Из толпы чудовищ ко мне потянулась чья-то рука с зажатым в ней серпом. Свет неотмирной луны падал на его проржавевшее зазубренное лезвие — а мне казалось, что кончик его смотрит мне прямо в сердце.
«Возьми его… дотронься… казни предателя…»
«Тебе понравится, Р-рози…»
Они испытывали меня. Они искушали меня. Они обнажали мою душу, добираясь до самых потаённых мыслей. Вскрывали многолетние нарывы, будто ланцетом. Прорвались через защитные бастионы моего разума без труда и задержки.
Мои мысли и моя обида делали меня слабой. Не один раз я думала о том, как изменится моя жизнь, если дяди вдруг не станет.
И вот он — шанс проверить.
—
Гибкие лозы, опережая мои желания, бросились в сторону дяди, поползли по ногам, впиваясь шипами в плоть, оплели руки и развели их в стороны. Дети Запретного Мира бесновались вокруг своей жертвы и щедро делились со мной своей хмельной радостью.
И серп в руке перестал казаться страшным…

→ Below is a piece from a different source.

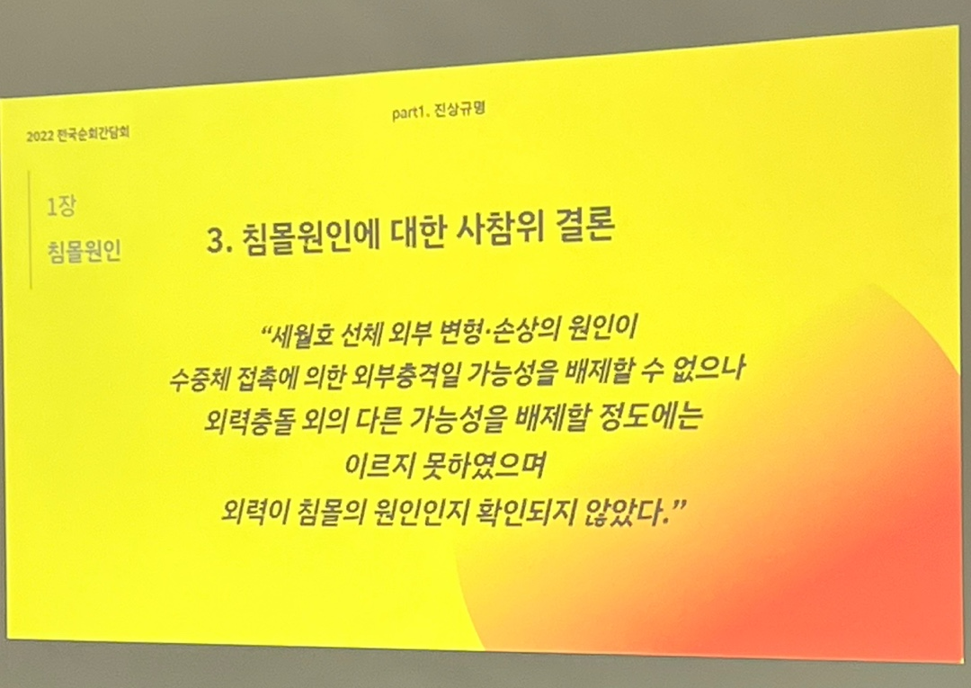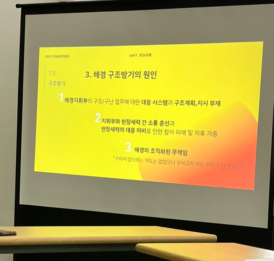 사참위 활동 보고와 창현어머니,주현어머니와 함께 한 질의응답 시간에 세월호 참사의 밝혀지지 않은 원인과 진상규명이 이태원 참사를 번복했다는 생각을 지울 수 없었습니다. 거대한 참상을 겪고도 국민의 안전을 인식하지 못한 정부의 무책임이 다시한번 드러났다고 해도 과언이 아닙니다.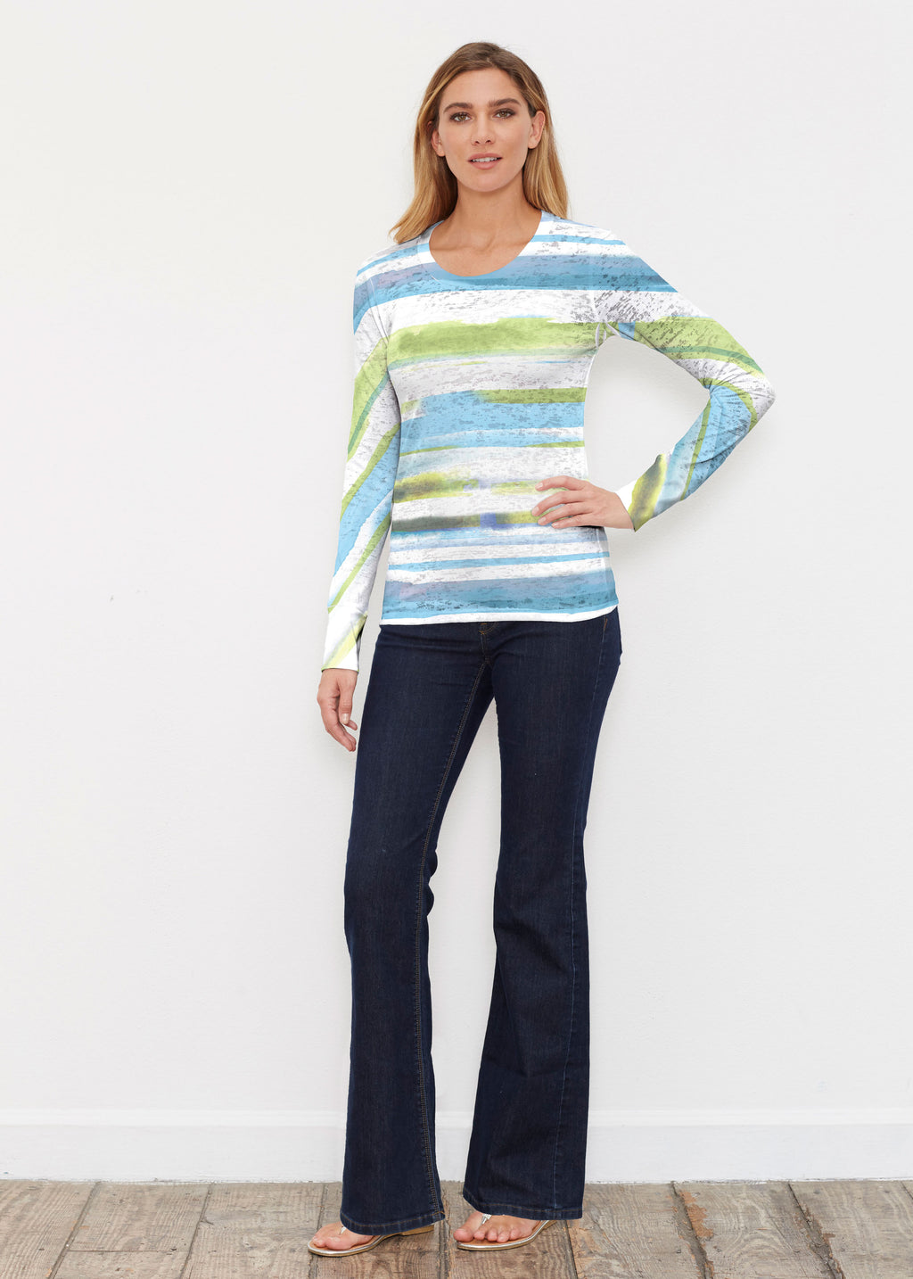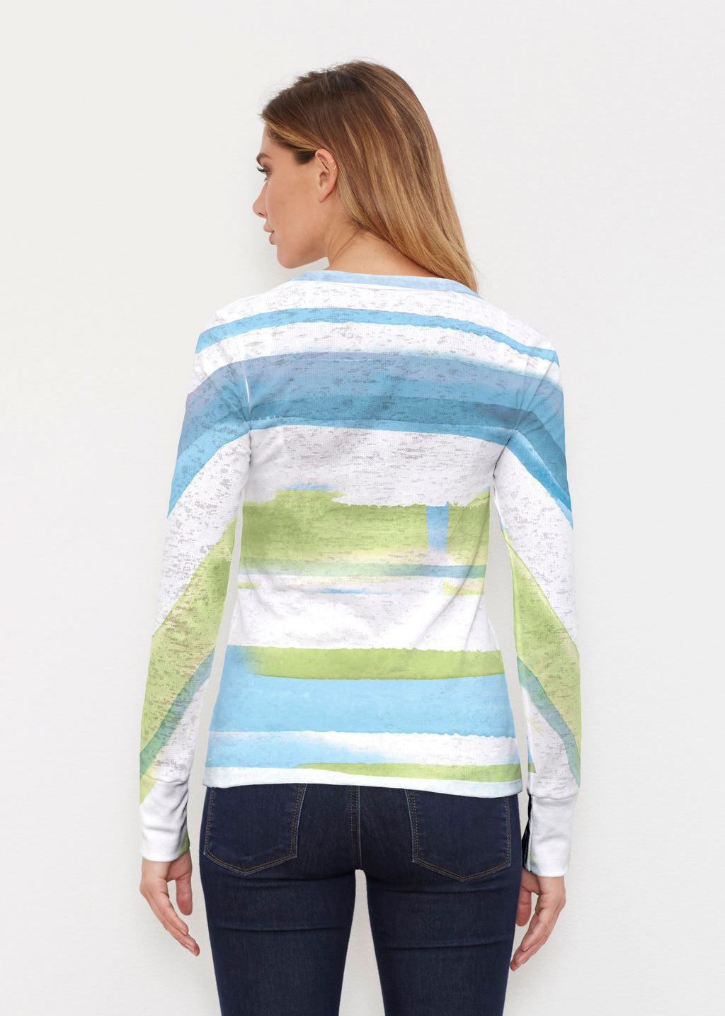 A fun and vibrant print with watercolor stripes of shades of blue, green and aqua, designed by Susan Werner.

«Это я убил твоих родителей, Рози… Но ты не отомстишь мне… Ты не сможешь… — он плюнул в мою сторону и расхохотался. — Ты слишком труслива и ничтожна!..»
Ещё немного…
И моё сердце остановится.
Воздуха не хватало, словно в лёгкие засыпали стекла. Издевательский каркающий смех рвал барабанные перепонки, и после этого звука шёпот неведомых тварей казался целительным бальзамом или нежной песнью матери:
«Мы поможем тебе, девочка… Накажем обидчика…»
«Только позволь нам…»
«Проведи нас за собой…»
Тело окутало приятное покалывание, словно я, замёрзшая, погрузилась в горячую ванну. Руки потяжелели, как и голова.